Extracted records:
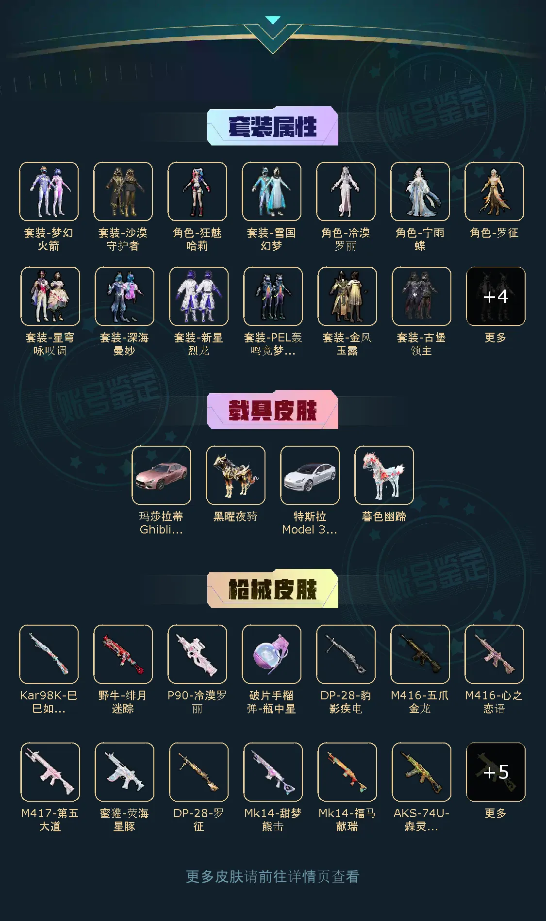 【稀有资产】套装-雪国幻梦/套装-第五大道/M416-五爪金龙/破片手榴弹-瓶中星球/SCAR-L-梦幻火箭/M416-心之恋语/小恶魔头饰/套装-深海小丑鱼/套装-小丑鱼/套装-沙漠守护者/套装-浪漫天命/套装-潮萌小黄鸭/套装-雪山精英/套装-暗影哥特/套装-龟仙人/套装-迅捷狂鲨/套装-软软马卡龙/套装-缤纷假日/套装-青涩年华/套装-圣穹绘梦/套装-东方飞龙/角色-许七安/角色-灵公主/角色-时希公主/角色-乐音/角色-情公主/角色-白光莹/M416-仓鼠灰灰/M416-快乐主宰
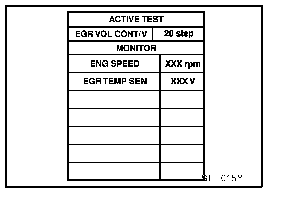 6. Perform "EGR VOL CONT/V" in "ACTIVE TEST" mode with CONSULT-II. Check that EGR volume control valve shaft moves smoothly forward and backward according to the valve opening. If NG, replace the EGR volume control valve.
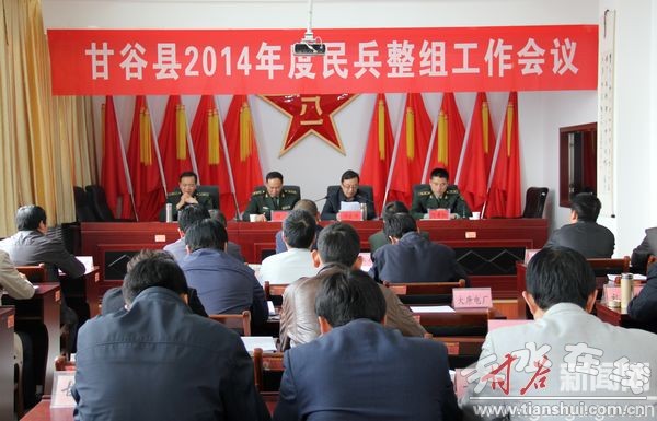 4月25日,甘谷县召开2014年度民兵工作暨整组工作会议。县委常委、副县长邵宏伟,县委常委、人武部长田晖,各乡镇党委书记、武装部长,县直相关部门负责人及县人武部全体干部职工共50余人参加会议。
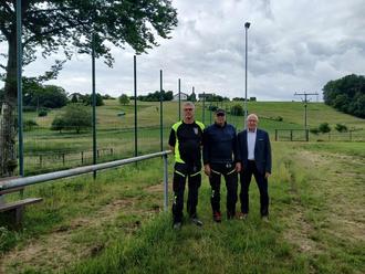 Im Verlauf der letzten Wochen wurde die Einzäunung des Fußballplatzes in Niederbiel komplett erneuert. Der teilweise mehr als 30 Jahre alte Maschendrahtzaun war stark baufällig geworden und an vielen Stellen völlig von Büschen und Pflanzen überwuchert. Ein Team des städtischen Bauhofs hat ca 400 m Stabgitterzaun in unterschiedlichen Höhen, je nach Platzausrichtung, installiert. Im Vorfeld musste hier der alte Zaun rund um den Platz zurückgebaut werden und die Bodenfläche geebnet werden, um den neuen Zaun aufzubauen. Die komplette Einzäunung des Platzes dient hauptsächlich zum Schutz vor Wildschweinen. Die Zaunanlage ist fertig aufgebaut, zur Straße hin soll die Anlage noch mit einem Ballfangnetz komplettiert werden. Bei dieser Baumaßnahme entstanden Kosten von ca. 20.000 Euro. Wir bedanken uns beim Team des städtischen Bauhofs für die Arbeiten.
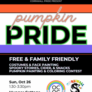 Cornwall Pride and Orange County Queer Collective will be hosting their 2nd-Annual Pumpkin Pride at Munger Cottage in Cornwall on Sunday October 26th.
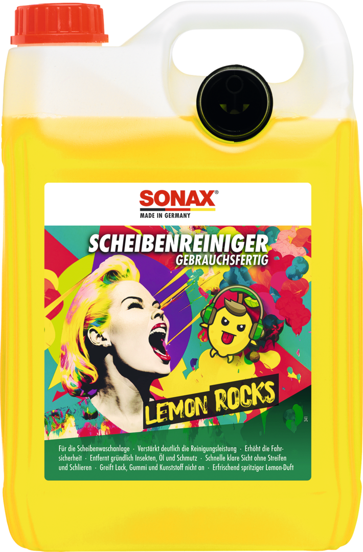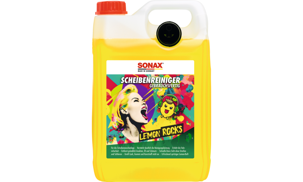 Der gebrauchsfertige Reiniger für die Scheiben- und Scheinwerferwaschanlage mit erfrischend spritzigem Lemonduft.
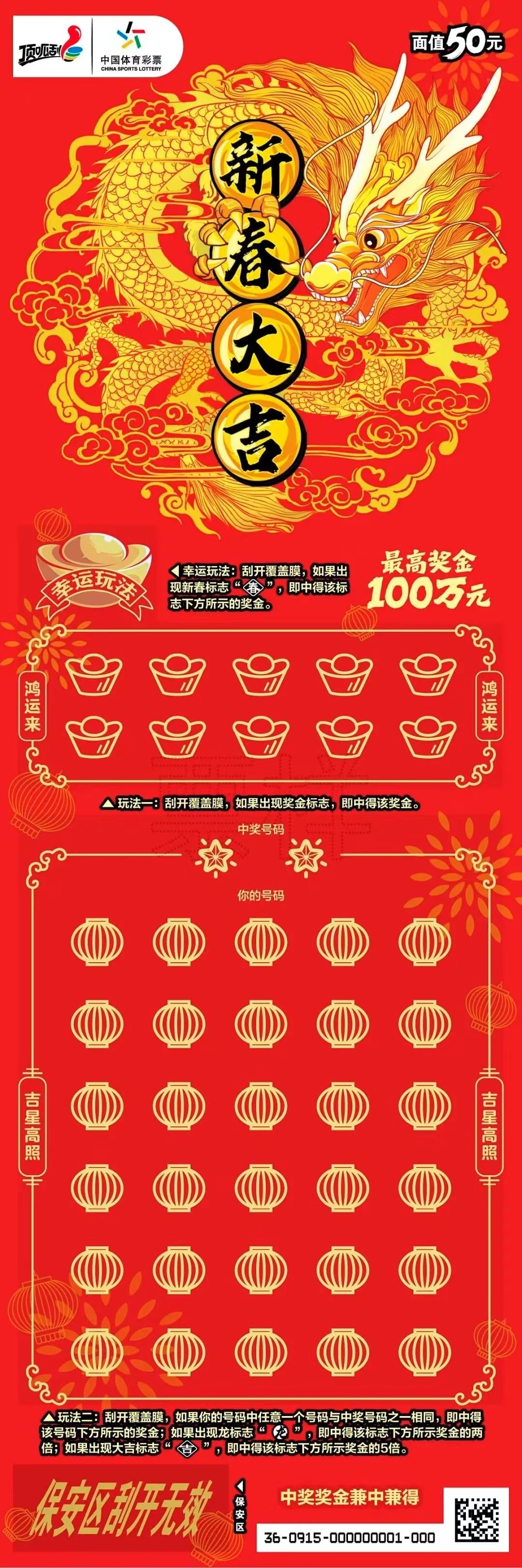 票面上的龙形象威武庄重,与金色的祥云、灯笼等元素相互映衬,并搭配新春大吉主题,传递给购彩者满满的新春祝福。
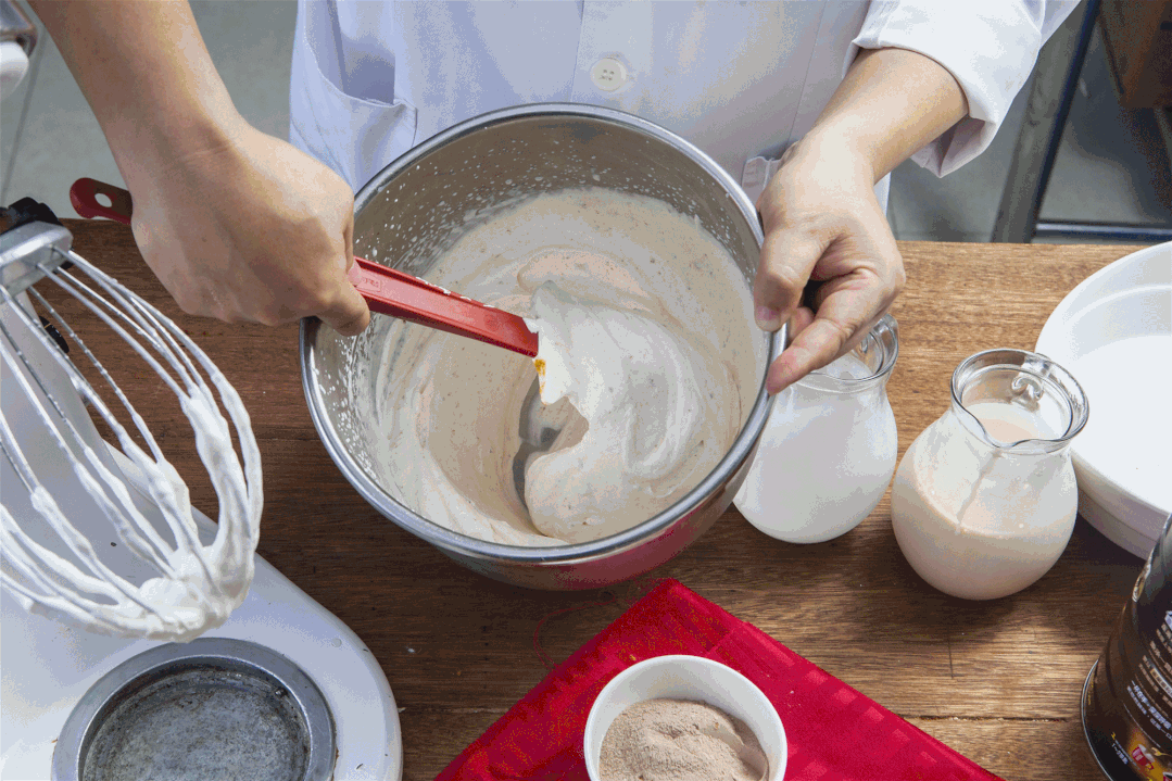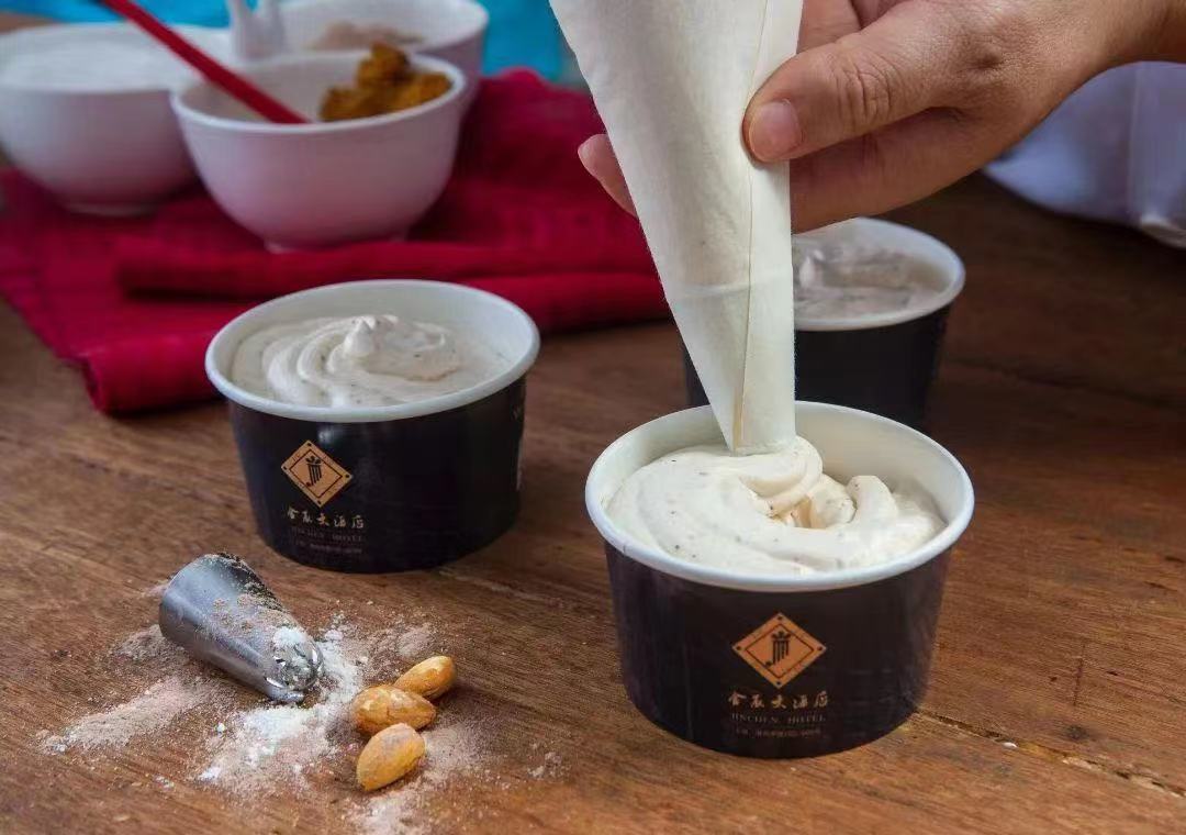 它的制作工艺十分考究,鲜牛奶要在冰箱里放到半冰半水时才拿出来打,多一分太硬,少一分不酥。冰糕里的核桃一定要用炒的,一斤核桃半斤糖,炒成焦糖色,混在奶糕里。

Exercise aim: Please transcribe exactly the lines from the one that contains "Der gebrauchsfertige Reiniger" through the closing line of the entries, with no pictures.

Response to the exercise:
 Der gebrauchsfertige Reiniger für die Scheiben- und Scheinwerferwaschanlage mit erfrischend spritzigem Lemonduft.
 票面上的龙形象威武庄重,与金色的祥云、灯笼等元素相互映衬,并搭配新春大吉主题,传递给购彩者满满的新春祝福。
 它的制作工艺十分考究,鲜牛奶要在冰箱里放到半冰半水时才拿出来打,多一分太硬,少一分不酥。冰糕里的核桃一定要用炒的,一斤核桃半斤糖,炒成焦糖色,混在奶糕里。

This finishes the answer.